A Denny and Bonnybridge charity which has been providing free transport for cancer patients for over a decade is stepping up a gear this year.
Now, as well as reaching the major landmark of clocking up half a million miles for hundreds of patients, The Driving Force is now offering more services for people – including podiatry, chiropody and hairdressing in their own homes for those receiving radiotherapy and chemotherapy.
‘We have also just passed the half a million miles travelled mark’
They will also be able to take advantage of a range of therapies like massage, Reiki, aromatherapy and mindfulness, also in the comfort of their own homes.
Dr Bridget McCalister, The Driving Force secretary and founder, said: “We have just started to offer these complementary therapies – hairdressing, podiatry and manicures – to people in their own homes and we are keen as many people as possible know about us so we can help everyone who needs it.
“We have also just passed the half a million miles travelled mark.”
Since its formation 13 years ago, the charity has become an invaluable service to people who otherwise may struggle to attend their hospital or GP appointments.
A spokesperson for The Driving Force said: “Anybody with cancer, who is registered at either Bonnybridge, Banknock, Denny Cross, or Carronbank Health Centres, can use our drivers to take them to and from hospital appointments and treatment sessions for cancer.
“The service is free, people are collected from their homes, taken straight to the hospital and brought straight home. If they wish, a friend or relative can go with them. We have a wheelchair for the frail.
“On receiving their appointment people contact their doctor’s reception and leave their name and phone number. Once a day a coordinator contacts the surgeries and collects everyone’s details, then they phone the patients and find out the appointment times and any special requirements.
“The coordinator then finds a driver for each journey, and contacts the patient with the driver’s name and phone number – for use in emergencies. Shortly before the appointment the driver contacts the patient and arranges with them the time they need to be picked up.
“This means people know exactly who is taking them to hospital and when they need to be ready. On the day, the driver waits at the hospital and when the appointment is over takes the person straight home.”
It’s a simple and effective system, but it requires committed volunteer drivers to make it work.
“Hospital transport takes many patients in the same vehicle so people have a long, slow journey,” said a Driving Force spokesperson. “They have to wait until everyone has been seen before they can go home and can be out of the house most of the day, at a time when they are not well.
“There is not always room for a carer or friend to accompany them. People who travel with us have a much quicker, more comfortable journey, can go home when they are ready and will be able to take a friend if they wish.
“Our drivers ‘know the ropes’ and provide valuable reassurance.
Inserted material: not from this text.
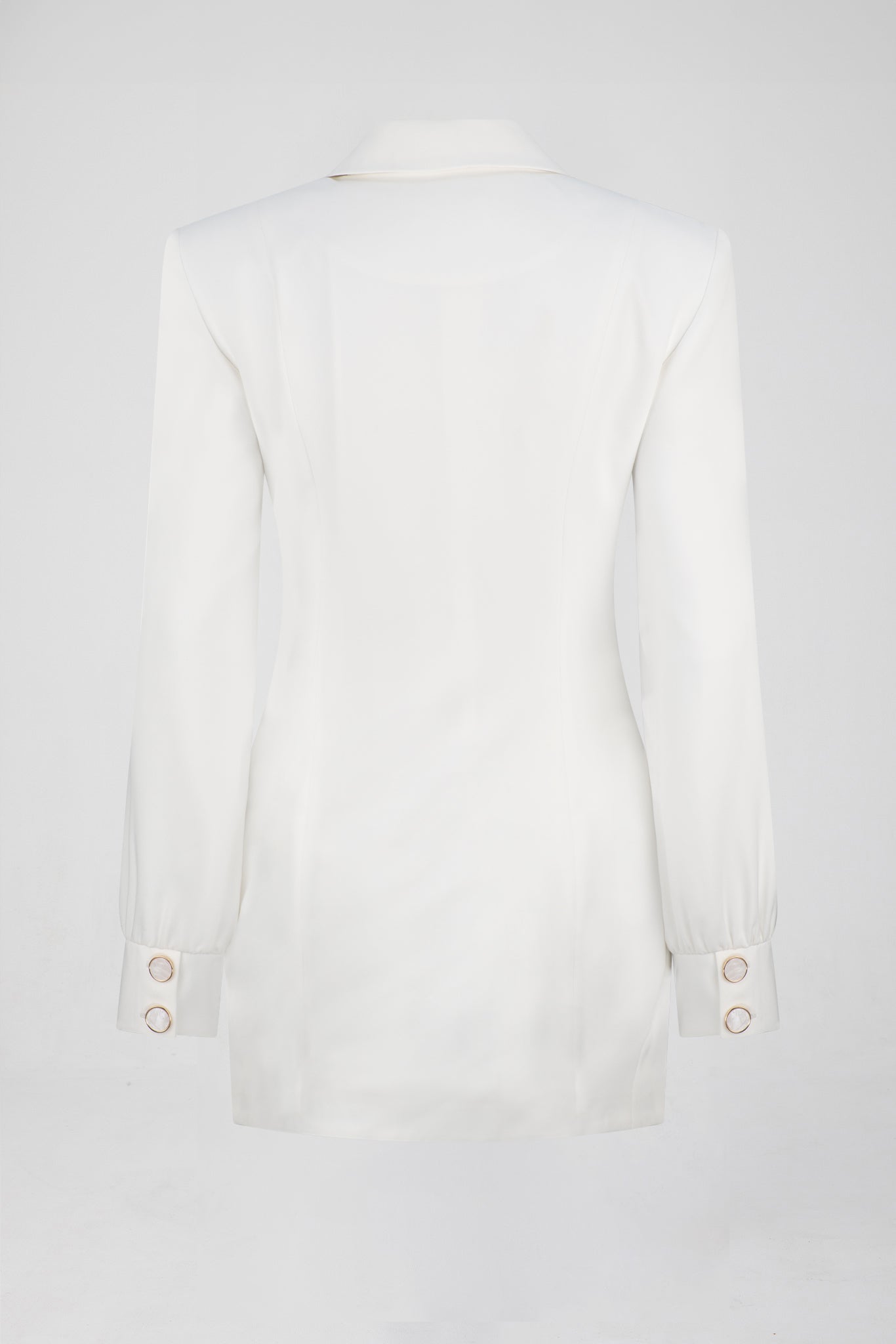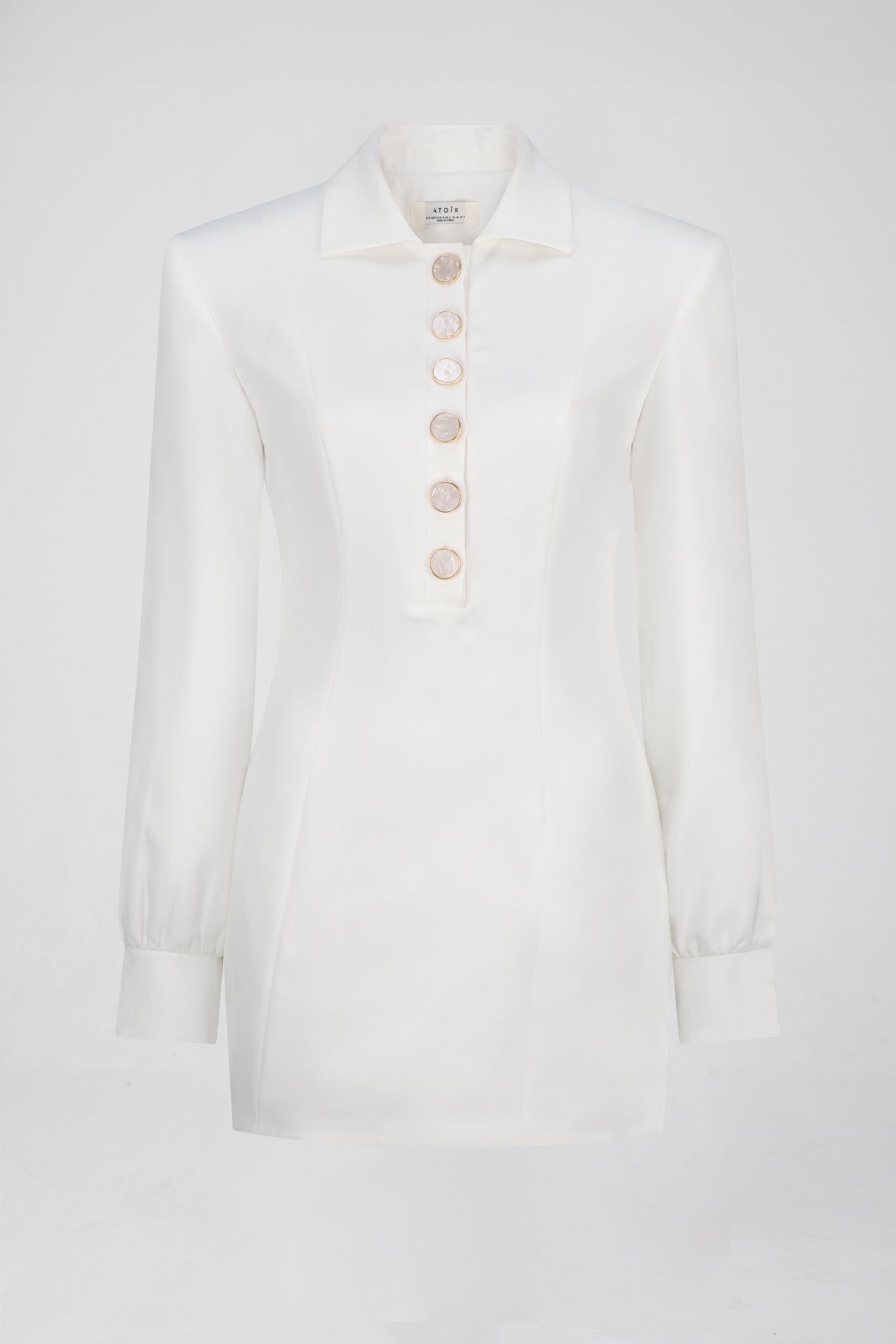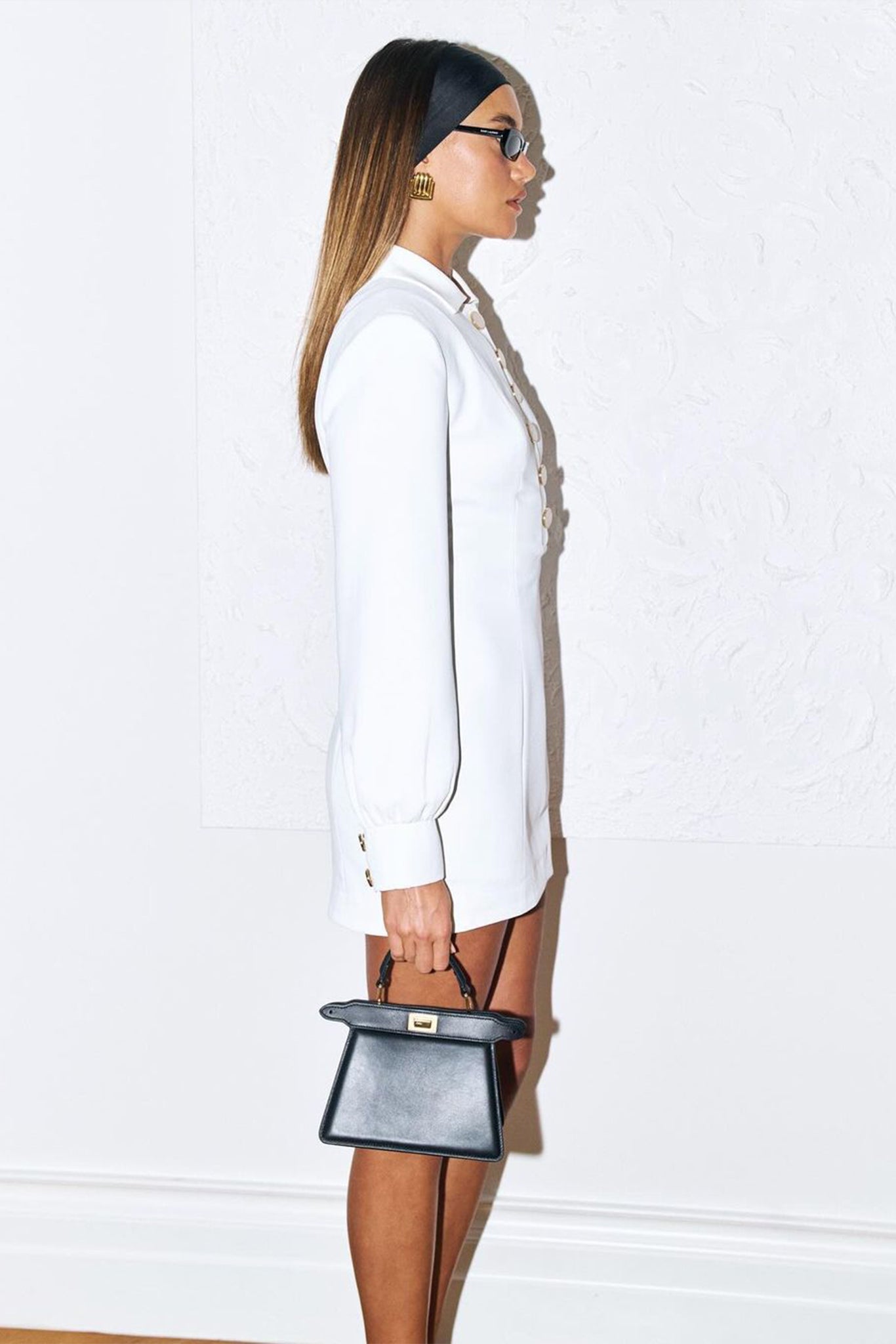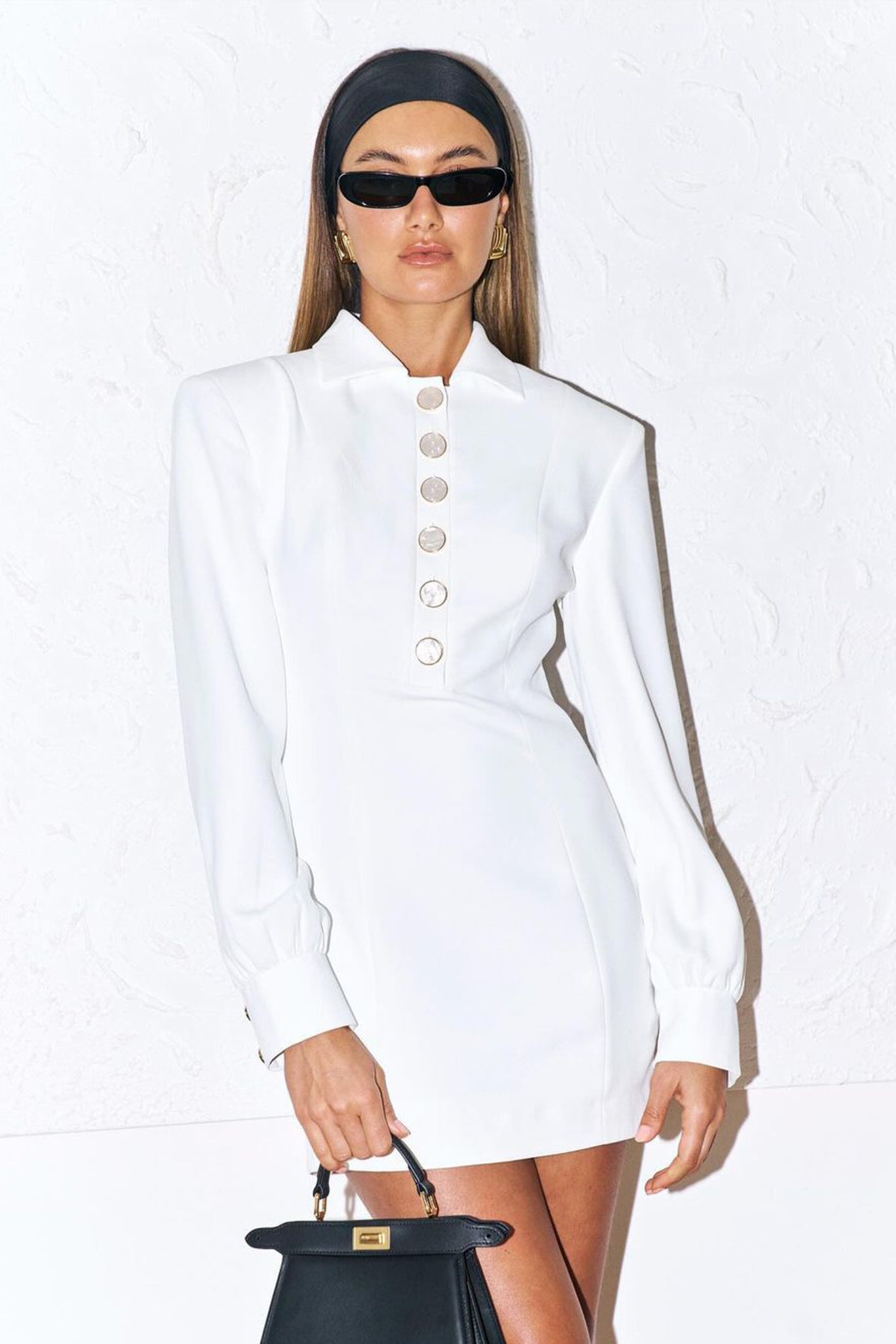 The Goldie Mini was seen this Spring Carnival on @edenkannourakis. The Goldie is a classic, collared, long-sleeve mini. Designed into a soft ivory fabrication with vintage pearl finish buttons at the centre front.

We aim to provide a free, friendly and reliable means of getting to and from hospital, and to make the experience as pleasant and stress-free as possible.”
Dr McCalister established The Driving Force in Bonnybridge after she heard of a similar scheme being operated in Lanarkshire.
She said: “I felt that this type of service would be very helpful in my area.”
A group of volunteers met for the first time in April 2005 and, for the next nine months, they applied for grants, arranged disclosures and trained volunteers before taking their first patient to hospital in January 2006.
Two years later they had enough volunteers and funds to expand to the neighbouring town of Denny and The Driving Force was named community project of the year in the Scottish Television’s Real Heroes Awards in 2014.
At the time, following the announcement of the awards shortlist, Taggart actor Alex Norton was filmed spending a day at the charity, working alongside local volunteer Roy Wardlaw.
Following a public vote, the organisation collected its award from actor Bill Paterson and sponsors RBS at a ceremony in Glasgow.
Dr McAllister said: “Everyone involved with the charity is thrilled we received this award. It has given us a real boost and is fantastic recognition of all the hard work our volunteers do.
“Just as importantly, it has raised our profile locally which is really crucial as we want to be able to help everyone in Bonnybridge and Denny who has cancer and needs our help.”
Elizabeth Partyka, of STV, said: “Congratulations to Driving Force for winning a much-deserved Scotland’s Real Heroes Award. The series has been a fantastic celebration of remarkable Scots who go the extra mile to improve the lives of others.”